● **Exercise**: Strip the pictures and reproduce the rest of the listing exactly.

● **Provided data**:
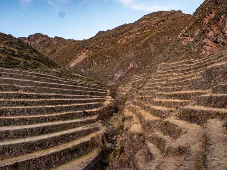 On file ensuite à Pisac avec un changement de collectivité à Urubamba. Après un délicieux repas dans un cadre un peu bohème et un incroyable éclair au chocolat, nous prenons un taxi pour rejoindre les ruines en hauteur de la ville. C’est ici que nous nous prendrons la plus grosse claque de la Vallée Sacrée. Cette fois, nous pouvons admirer de gigantesques terrasses concentriques sur tout le flanc de la montagne. En fin de journée, nous ressentons les fortes bourrasques de vent et nous nous baladons d’abord dans la petite cité du lieu que l’on peut arpenter librement.
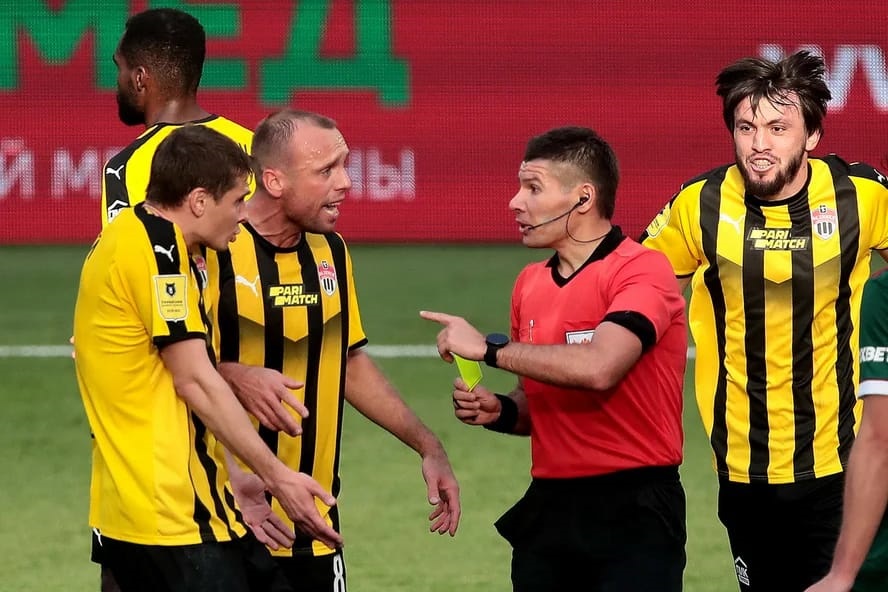Евгений Кукуляк показывает желтую карточку Денису Глушакову.
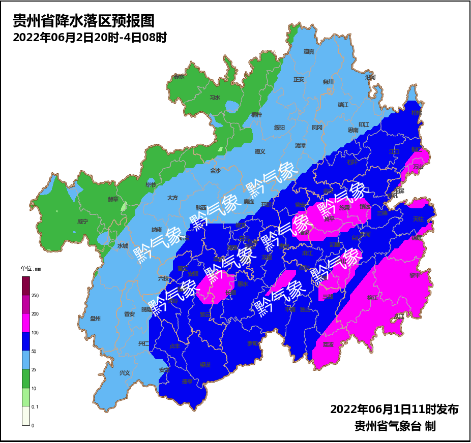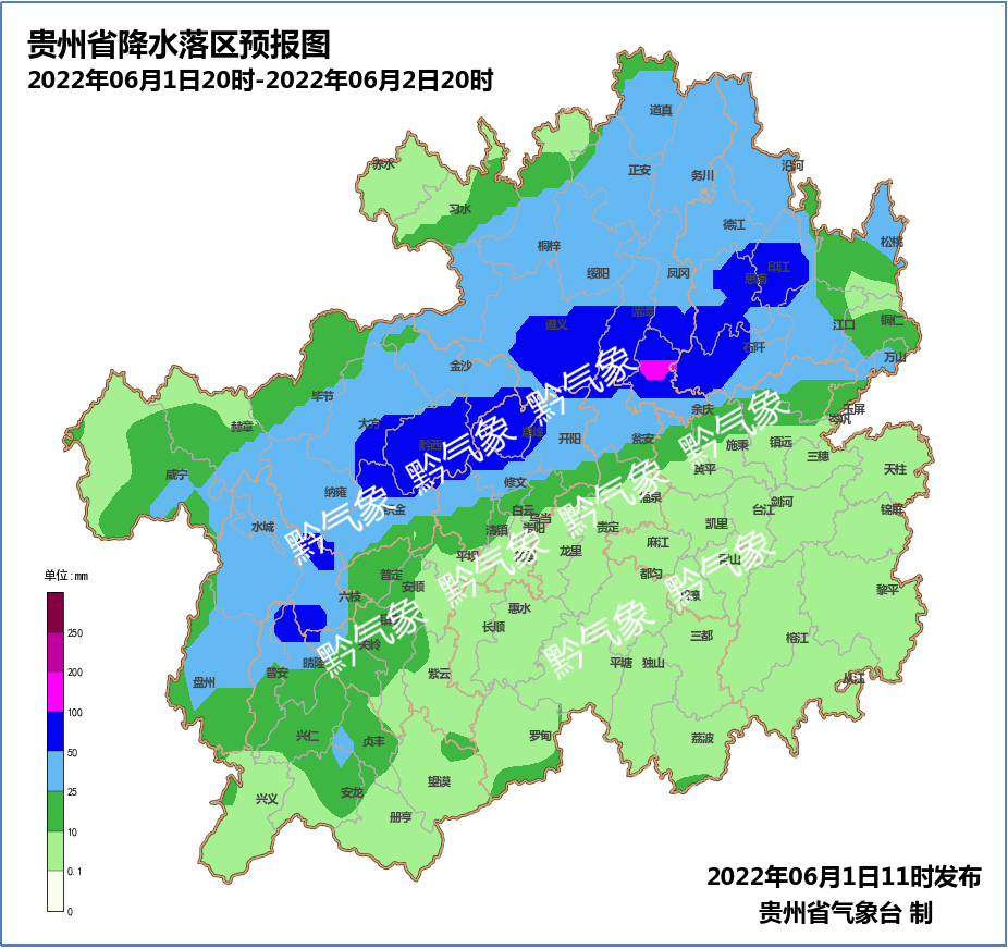 贵州省气象台6月1日发布持续强降雨天气过程暨“端午”节日天气预报:预计今天夜间至6月4日,我省自北向南将出现强降雨天气,6月5日降水减弱,各地逐步转为多云天气。

● **Result of the exercise**:
 On file ensuite à Pisac avec un changement de collectivité à Urubamba. Après un délicieux repas dans un cadre un peu bohème et un incroyable éclair au chocolat, nous prenons un taxi pour rejoindre les ruines en hauteur de la ville. C’est ici que nous nous prendrons la plus grosse claque de la Vallée Sacrée. Cette fois, nous pouvons admirer de gigantesques terrasses concentriques sur tout le flanc de la montagne. En fin de journée, nous ressentons les fortes bourrasques de vent et nous nous baladons d’abord dans la petite cité du lieu que l’on peut arpenter librement.
Евгений Кукуляк показывает желтую карточку Денису Глушакову.
 贵州省气象台6月1日发布持续强降雨天气过程暨“端午”节日天气预报:预计今天夜间至6月4日,我省自北向南将出现强降雨天气,6月5日降水减弱,各地逐步转为多云天气。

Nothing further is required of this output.